6.2. What is the Password Complexity for SIMP?
The following are the default password requirements for a standard SIMP system. This is based off of an amalgam of various password policies and may vary based on individual policies that are set for your installation.
The default complexity is enforced in both PAM and LDAP, which are managed by SIMP’s modules:
simp/pam for pam
simp/simp_openldap for OpenLDAP servers
simp/simp_ds389 for 389-DS servers
Warning
If you are using the SIMP Compliance Engine to enforce a specific compliance profile, the enforced rules may be different than those shown below. Be sure to examine the profile to understand the rules applicable to your system.
6.2.1. Complexity Rules
15 Characters or greater
1 Upper case letter
1 Lower case letter
1 Number
1 Special character
No more than 2 repetitions of the same character
OK:
aab
BAD:
aaa
No more than 3 repetitions of a character from the same character class
OK:
abcD
BAD:
abcd
No more than 4 characters in a monotonic character sequence
OK:
1b2c3d
BAD:
aBcDe
BAD:
EdCbA
Cannot contain your username in straight or reversed form
Cannot contain items from your GECOS field (usually your full name)
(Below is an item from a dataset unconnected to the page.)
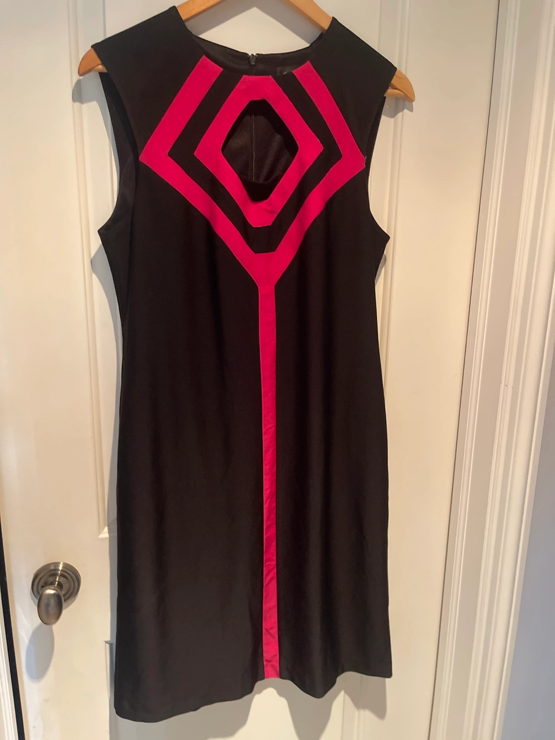 Stylish sleeveless dress. Black with hot pink geometric design. Keyhole neckline. Size 10. In great shape Pick up keele and Bloor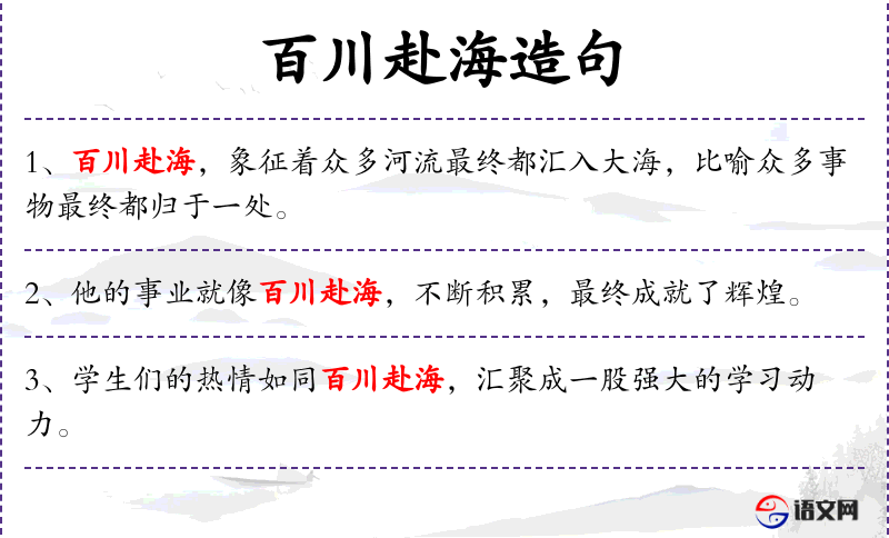 5. 【百川赴海】 百:表示多。川:江河。所有江河都流归大海。比喻众望所归或大势所趋。也比喻许多事物由分散而汇集到一处。

Must have more than 4 character changes from the old password
Must not be one of the last 24 passwords that you have used
You can check whether or not a password will meet the system requirements as follows:
On systems that use pam_pwquality, use the pwscore utility.
On systems that use pam_cracklib, use the cracklib-check utility.
Note
Locked out accounts will unlock automatically after 15 minutes for non-root users and one minute for the root user.
Important
Systems that use pam_cracklib may differ slightly in behavior from systems that use pam_pwquality. If issues are found, please file a bug with the OS vendor noting the issue.